I use unleaded gas in my Coleman. I'm not sure what all the fuss is about. The concept of operation is super-simple and is pretty close to that used by the old blowtorches. Some fuel is going to create more crud, and require more cleaning, some isn't. A tank that leaks is going to leak whether it is Coleman fuel or unleaded. The caveat is that any of these tanks should be checked for corrosion or leaks anyway. Alcohol actually acts like dry gas (in fact it IS dry gas) and in a sealed container REMOVES moisture. Alcohol and plastics don't mix, but a stove doesn't have plastics (yet). FWIW, I've used alcohol stoves as well. They are slow, but again, no big deal.

What I find fun is playing around with concepts. Gasoline has a LOT more BTU per buck than propane, and after the last propane bill, I'd love to be able to tell the dealer to take a hike. Here is an idea - get a REAL tank, like a 100lb propane tank with thick walls. Pressurize it with nitrogen or some other non-reactive gas and a proper valve, store it outside like a propane tank, use small diameter piping, then have cutoff valves on stoves an appliances so that the veins can be cleaned (or replaced) as needed, and use gasoline for cooking instead of propane. Now that Ethyl has left the building, I don't see any drawbacks that don't already exist with propane and natural gas.


----------



## Bret4207 (May 31, 2008)

MrCalicoty said:


> Harbor Freight sells a nifty propane fixture for about $20 that allows you to refill the smaller appliance propane bottles from a larger 20lb tank. I'm not sure how long the seals on the small bottles would last after repeated fillings but the convenience and cost savings would probably be worth it.
> 
> 
> 
> ...


You have to invert the tank anyway. Usually they'll give you 1/2 to 2/3 a full tank, give or take. I haven't bought a new 1 lb propane tank in a good 20 years since I got my adapter.


----------



## MrCalicoty (Jun 27, 2010)

Great info Bret4207. Thanks for sharing it. Now I'll have to have one.


----------



## poorboy (Apr 15, 2006)

bowdonkey said:


> I found that unleaded fuel, even in the dual fuel stoves and lanterns gums up the generators. Unless there has been a change in the stove design or automotive fuels I recomend regular stove fuel. I used Coleman stoves and lanterns year round for all my light and cooking for about 15 years. I'd rather use a propane setup, since you're purchasing fuel, it's the way to go in my book.
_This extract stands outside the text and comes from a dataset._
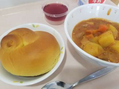 今日はかぼちゃの形のパンプキンパンにしました。

Summa uv thet there carb-fuel injector cleaner for automobile engines..put an appropriate amount in yer unleaded gas for your lantern stove..Tune my lantern thet away every oncet inna while to keep from having to disassemble and manually clean..werkz fer me...:dance:


----------



## ihuntgsps (Mar 10, 2008)

Thanks for all the great replies. I like the idea of changing to a dual fuel set up and will look into that. For the time being will just use the coleman fuel I was able to find at the local farm store.


----------



## GREENCOUNTYPETE (Jul 25, 2006)

for a truly multi fule stove look at the britelyte lantern and stove it costs more but is ment to be a multi fule stove including diesel and kerosine as well as gas ,white gas and minral spirits to name some ot the things that work.


----------



## BillHoo (Mar 16, 2005)

I've got one of those. I think it was $15 at Northern Tool.

A tip I heard was to freeze the empty 1 Lb tank before filling - it helps to remove some pressure through contraction. The tank is supposed to fill a little better that way.

Yes, you have to invert the big propane tank while filling.





MrCalicoty said:


> Harbor Freight sells a nifty propane fixture for about $20 that allows you to refill the smaller appliance propane bottles from a larger 20lb tank. I'm not sure how long the seals on the small bottles would last after repeated fillings but the convenience and cost savings would probably be worth it.
> 
> 
> 
> ...


----------